### WHAT THE EXERCISE ASKS
Return all the lines below exactly. Any picture among them is omitted.

### DATA SEGMENT
━━━━━━━━━━━━━━━━
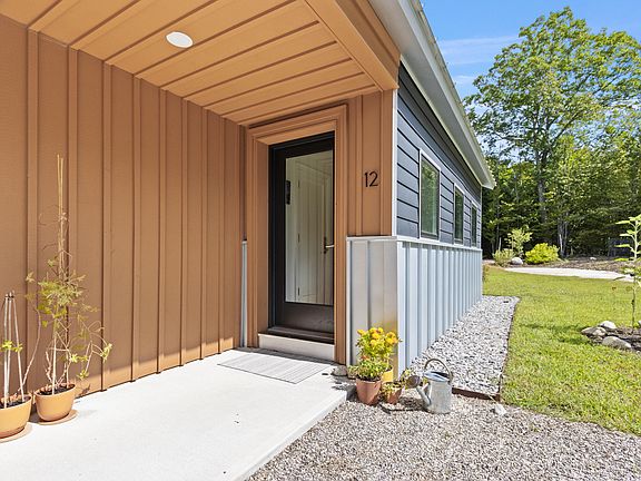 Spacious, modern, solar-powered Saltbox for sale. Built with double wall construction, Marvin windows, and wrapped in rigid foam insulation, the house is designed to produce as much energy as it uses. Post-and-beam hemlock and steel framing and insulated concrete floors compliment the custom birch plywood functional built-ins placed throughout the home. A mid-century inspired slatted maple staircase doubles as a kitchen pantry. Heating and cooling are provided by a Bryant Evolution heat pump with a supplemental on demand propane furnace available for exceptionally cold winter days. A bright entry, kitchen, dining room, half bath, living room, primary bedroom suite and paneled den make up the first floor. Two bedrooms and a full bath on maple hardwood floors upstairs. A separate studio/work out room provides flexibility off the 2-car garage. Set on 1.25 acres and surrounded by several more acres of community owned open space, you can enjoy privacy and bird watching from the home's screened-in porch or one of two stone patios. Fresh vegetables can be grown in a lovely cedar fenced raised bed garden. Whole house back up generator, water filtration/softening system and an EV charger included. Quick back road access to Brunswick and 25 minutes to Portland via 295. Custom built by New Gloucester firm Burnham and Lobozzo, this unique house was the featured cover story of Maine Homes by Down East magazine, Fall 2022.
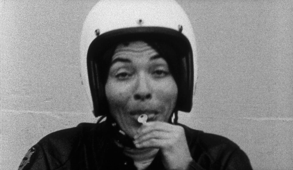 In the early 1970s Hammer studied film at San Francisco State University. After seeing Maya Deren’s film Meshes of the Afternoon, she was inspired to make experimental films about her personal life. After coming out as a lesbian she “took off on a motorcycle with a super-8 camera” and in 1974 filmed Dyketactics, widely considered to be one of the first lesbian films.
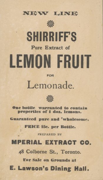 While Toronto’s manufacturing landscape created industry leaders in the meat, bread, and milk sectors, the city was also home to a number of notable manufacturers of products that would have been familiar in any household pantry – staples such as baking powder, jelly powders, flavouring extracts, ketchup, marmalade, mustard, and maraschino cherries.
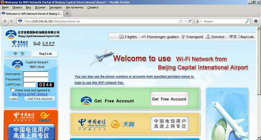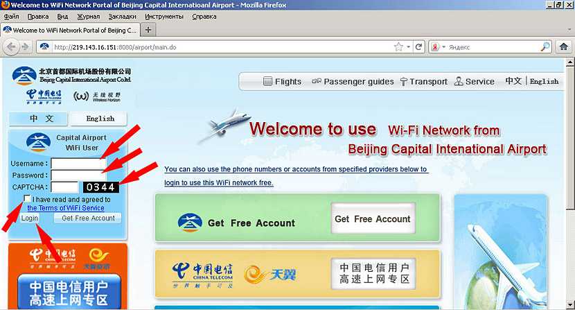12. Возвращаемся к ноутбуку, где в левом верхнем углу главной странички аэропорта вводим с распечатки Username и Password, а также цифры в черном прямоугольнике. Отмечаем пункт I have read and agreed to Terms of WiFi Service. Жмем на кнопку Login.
━━━━━━━━━━━━━━━━
### SOLUTION
 Spacious, modern, solar-powered Saltbox for sale. Built with double wall construction, Marvin windows, and wrapped in rigid foam insulation, the house is designed to produce as much energy as it uses. Post-and-beam hemlock and steel framing and insulated concrete floors compliment the custom birch plywood functional built-ins placed throughout the home. A mid-century inspired slatted maple staircase doubles as a kitchen pantry. Heating and cooling are provided by a Bryant Evolution heat pump with a supplemental on demand propane furnace available for exceptionally cold winter days. A bright entry, kitchen, dining room, half bath, living room, primary bedroom suite and paneled den make up the first floor. Two bedrooms and a full bath on maple hardwood floors upstairs. A separate studio/work out room provides flexibility off the 2-car garage. Set on 1.25 acres and surrounded by several more acres of community owned open space, you can enjoy privacy and bird watching from the home's screened-in porch or one of two stone patios. Fresh vegetables can be grown in a lovely cedar fenced raised bed garden. Whole house back up generator, water filtration/softening system and an EV charger included. Quick back road access to Brunswick and 25 minutes to Portland via 295. Custom built by New Gloucester firm Burnham and Lobozzo, this unique house was the featured cover story of Maine Homes by Down East magazine, Fall 2022.
 In the early 1970s Hammer studied film at San Francisco State University. After seeing Maya Deren’s film Meshes of the Afternoon, she was inspired to make experimental films about her personal life. After coming out as a lesbian she “took off on a motorcycle with a super-8 camera” and in 1974 filmed Dyketactics, widely considered to be one of the first lesbian films.
 While Toronto’s manufacturing landscape created industry leaders in the meat, bread, and milk sectors, the city was also home to a number of notable manufacturers of products that would have been familiar in any household pantry – staples such as baking powder, jelly powders, flavouring extracts, ketchup, marmalade, mustard, and maraschino cherries.
12. Возвращаемся к ноутбуку, где в левом верхнем углу главной странички аэропорта вводим с распечатки Username и Password, а также цифры в черном прямоугольнике. Отмечаем пункт I have read and agreed to Terms of WiFi Service. Жмем на кнопку Login.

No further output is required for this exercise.